The low pH kills bacteria in food that we have ingested as it denatures the enzymes in
their cells, meaning they cannot carry out any cell reactions to maintain life

Pepsin, produced in the stomach, is an example of an enzyme which has a very low
optimum pH – around pH 2

The hydrochloric acid produced in the stomach ensures that conditions in the stomach
remain within the optimum range for pepsin to work at its fastest rate
Bile
Bile
Bile is a green, watery fluid made in the liver, stored in the gallbladder and delivered to
the duodenum by the bile duct.

Bile also contains bile salts, which act on fats rather like a detergent. The bile salts
emulsify the fats.

Bile is slightly alkaline as it contains sodium hydrogen carbonate and, along with
pancreatic juice, has the function of neutralising the acidic mixture of food and gastric
juices as it enters the duodenum.
Absorption
Absorption is the movement of nutrients from the intestines into the blood.

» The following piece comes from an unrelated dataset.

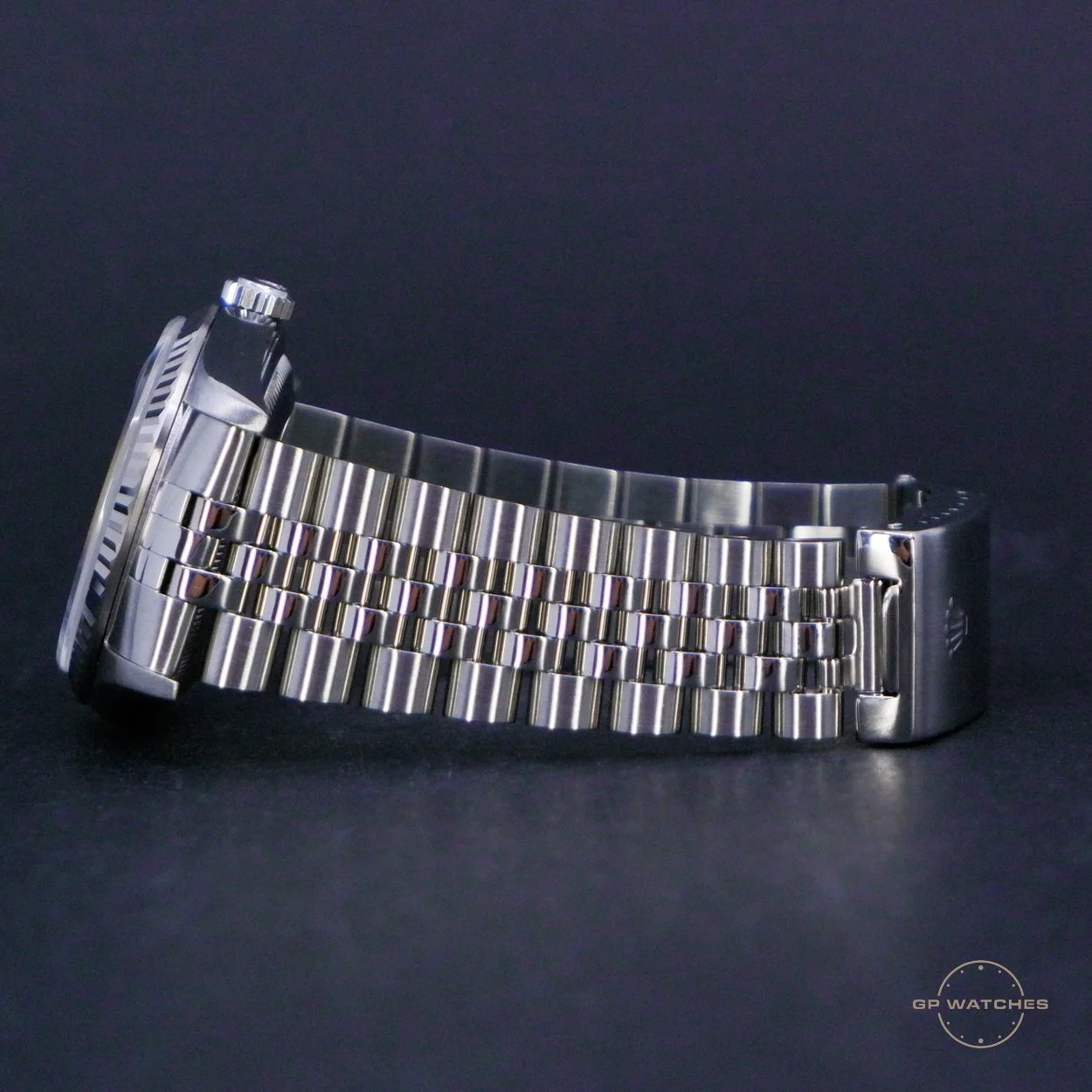 Rolex Datejust 16234 i 36 mm. Den helt klassiske datejust med sølv skive og den smukke jubileelænke. Uret fremstår i næsten ny stand og er en af de sidste 5-cifrede. kommer med boks og papirer fra 2004.

Water is absorbed in both the small intestine and the colon, but most absorption of water
also happens in the small intestine.

Absorption takes place in the second section of the small intestine, the ileum
Absorption
The ileum is adapted for absorption as it is very long and has a highly folded surface with
millions of villi (tiny, finger like projections).

These adaptations massively increase the surface area of the ileum, allowing absorption to
take place faster and more efficiently.
Structure of a Villus
Structure and Adaptation of the Villus
Microvilli on the surface of the villus further increase surface area for faster absorption of
nutrients.

Wall of villus is one cell thick meaning that there is only a short distance for absorption to
happen by diffusion and active transport.

Well supplied with a network of blood capillaries that transport glucose and amino acids
away from the small intestine in the blood.

Lacteal runs through the centre of the villus to transport fatty acids and glycerol away
from the small intestine in the lymph.